### EXERCISE DIRECTIONS
Beginning with the line containing "- Le Responsable" and ending with the line containing "ヒーロー風カッコイイあだ名 | 『慈愛の使者モフ』『仮面モフダー』 |", write out each line of the records below exactly; pictures and lines outside that range are left out.

** Opening EXERCISE DATA block **

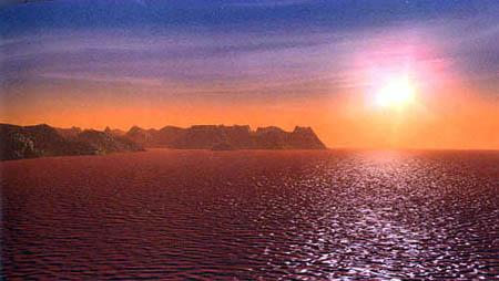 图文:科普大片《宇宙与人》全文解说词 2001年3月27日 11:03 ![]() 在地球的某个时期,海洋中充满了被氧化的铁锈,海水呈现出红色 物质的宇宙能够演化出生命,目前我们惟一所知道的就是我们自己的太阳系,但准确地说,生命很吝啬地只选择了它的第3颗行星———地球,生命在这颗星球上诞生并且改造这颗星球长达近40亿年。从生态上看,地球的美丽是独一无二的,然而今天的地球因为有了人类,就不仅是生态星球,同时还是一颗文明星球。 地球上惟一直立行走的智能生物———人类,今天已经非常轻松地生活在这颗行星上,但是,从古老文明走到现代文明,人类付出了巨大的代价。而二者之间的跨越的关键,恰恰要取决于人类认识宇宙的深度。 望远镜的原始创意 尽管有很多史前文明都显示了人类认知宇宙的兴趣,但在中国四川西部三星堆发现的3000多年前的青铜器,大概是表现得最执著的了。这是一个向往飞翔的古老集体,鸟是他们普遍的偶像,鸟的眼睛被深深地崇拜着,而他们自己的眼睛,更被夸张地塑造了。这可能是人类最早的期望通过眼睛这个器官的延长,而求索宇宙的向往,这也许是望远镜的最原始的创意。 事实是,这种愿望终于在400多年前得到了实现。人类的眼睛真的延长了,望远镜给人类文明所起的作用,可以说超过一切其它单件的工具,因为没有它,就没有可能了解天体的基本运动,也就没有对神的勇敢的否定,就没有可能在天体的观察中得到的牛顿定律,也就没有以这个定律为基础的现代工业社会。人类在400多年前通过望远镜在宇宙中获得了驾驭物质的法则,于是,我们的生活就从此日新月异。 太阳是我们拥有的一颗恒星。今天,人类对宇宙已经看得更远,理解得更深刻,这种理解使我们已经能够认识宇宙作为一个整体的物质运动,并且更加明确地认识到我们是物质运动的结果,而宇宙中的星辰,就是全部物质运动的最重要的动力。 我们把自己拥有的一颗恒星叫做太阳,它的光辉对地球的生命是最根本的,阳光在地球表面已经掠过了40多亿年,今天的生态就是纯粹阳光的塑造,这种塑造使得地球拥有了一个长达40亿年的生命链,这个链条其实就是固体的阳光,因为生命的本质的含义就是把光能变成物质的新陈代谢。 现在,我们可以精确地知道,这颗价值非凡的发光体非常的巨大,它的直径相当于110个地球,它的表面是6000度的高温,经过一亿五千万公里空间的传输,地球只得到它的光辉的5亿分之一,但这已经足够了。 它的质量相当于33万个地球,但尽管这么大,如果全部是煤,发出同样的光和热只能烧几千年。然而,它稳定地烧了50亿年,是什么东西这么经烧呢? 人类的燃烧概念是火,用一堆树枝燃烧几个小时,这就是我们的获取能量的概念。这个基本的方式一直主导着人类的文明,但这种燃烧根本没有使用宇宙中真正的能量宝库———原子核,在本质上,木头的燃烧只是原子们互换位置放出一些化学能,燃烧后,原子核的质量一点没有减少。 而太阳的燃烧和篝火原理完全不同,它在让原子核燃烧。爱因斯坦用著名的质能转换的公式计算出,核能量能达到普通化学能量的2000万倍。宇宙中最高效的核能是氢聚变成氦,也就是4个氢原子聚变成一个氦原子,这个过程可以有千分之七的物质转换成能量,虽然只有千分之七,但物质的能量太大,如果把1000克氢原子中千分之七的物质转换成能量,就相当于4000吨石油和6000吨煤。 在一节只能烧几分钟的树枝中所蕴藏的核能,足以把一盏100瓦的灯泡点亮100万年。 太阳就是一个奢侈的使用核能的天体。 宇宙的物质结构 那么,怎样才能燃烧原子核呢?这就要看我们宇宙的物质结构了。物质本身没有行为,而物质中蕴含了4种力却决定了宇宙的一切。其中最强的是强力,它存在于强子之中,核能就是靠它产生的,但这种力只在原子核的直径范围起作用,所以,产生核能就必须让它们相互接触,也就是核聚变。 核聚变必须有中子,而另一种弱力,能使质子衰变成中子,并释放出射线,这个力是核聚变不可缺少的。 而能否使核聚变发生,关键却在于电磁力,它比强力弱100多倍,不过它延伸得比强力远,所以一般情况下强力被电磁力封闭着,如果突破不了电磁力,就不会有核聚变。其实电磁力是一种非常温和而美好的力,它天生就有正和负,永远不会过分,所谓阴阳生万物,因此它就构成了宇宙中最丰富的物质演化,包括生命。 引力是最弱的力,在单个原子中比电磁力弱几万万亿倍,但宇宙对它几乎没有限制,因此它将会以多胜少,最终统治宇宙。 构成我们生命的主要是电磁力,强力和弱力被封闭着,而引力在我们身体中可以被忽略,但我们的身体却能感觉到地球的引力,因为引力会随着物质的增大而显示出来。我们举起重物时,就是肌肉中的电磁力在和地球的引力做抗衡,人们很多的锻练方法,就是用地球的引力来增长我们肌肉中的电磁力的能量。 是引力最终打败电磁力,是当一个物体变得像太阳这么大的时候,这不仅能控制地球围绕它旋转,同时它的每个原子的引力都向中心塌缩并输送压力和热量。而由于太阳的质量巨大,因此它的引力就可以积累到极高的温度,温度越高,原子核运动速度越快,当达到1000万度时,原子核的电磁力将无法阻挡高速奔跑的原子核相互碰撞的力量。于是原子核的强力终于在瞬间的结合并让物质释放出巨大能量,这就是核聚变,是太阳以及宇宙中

** Closing EXERCISE DATA block **
** Opening EXERCISE DATA block **

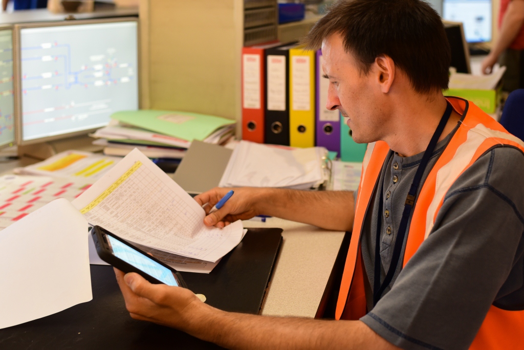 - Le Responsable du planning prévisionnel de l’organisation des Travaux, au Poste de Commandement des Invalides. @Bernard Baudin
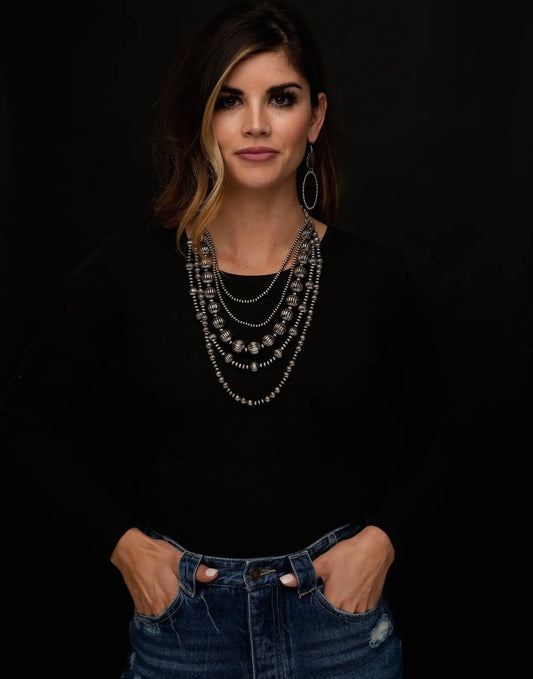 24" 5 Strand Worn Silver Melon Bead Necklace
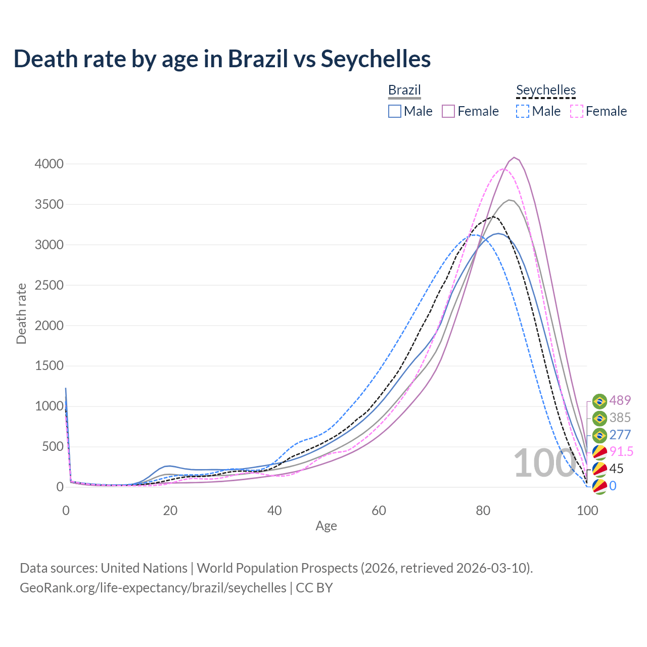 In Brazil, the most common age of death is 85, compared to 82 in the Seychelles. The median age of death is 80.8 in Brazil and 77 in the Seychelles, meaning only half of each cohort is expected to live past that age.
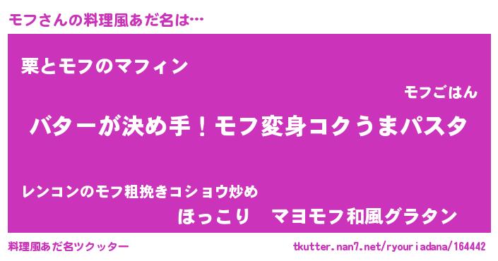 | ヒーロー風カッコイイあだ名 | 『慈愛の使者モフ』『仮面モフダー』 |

** Closing EXERCISE DATA block **

### ANSWER BOX
 - Le Responsable du planning prévisionnel de l’organisation des Travaux, au Poste de Commandement des Invalides. @Bernard Baudin
 24" 5 Strand Worn Silver Melon Bead Necklace
 In Brazil, the most common age of death is 85, compared to 82 in the Seychelles. The median age of death is 80.8 in Brazil and 77 in the Seychelles, meaning only half of each cohort is expected to live past that age.
 | ヒーロー風カッコイイあだ名 | 『慈愛の使者モフ』『仮面モフダー』 |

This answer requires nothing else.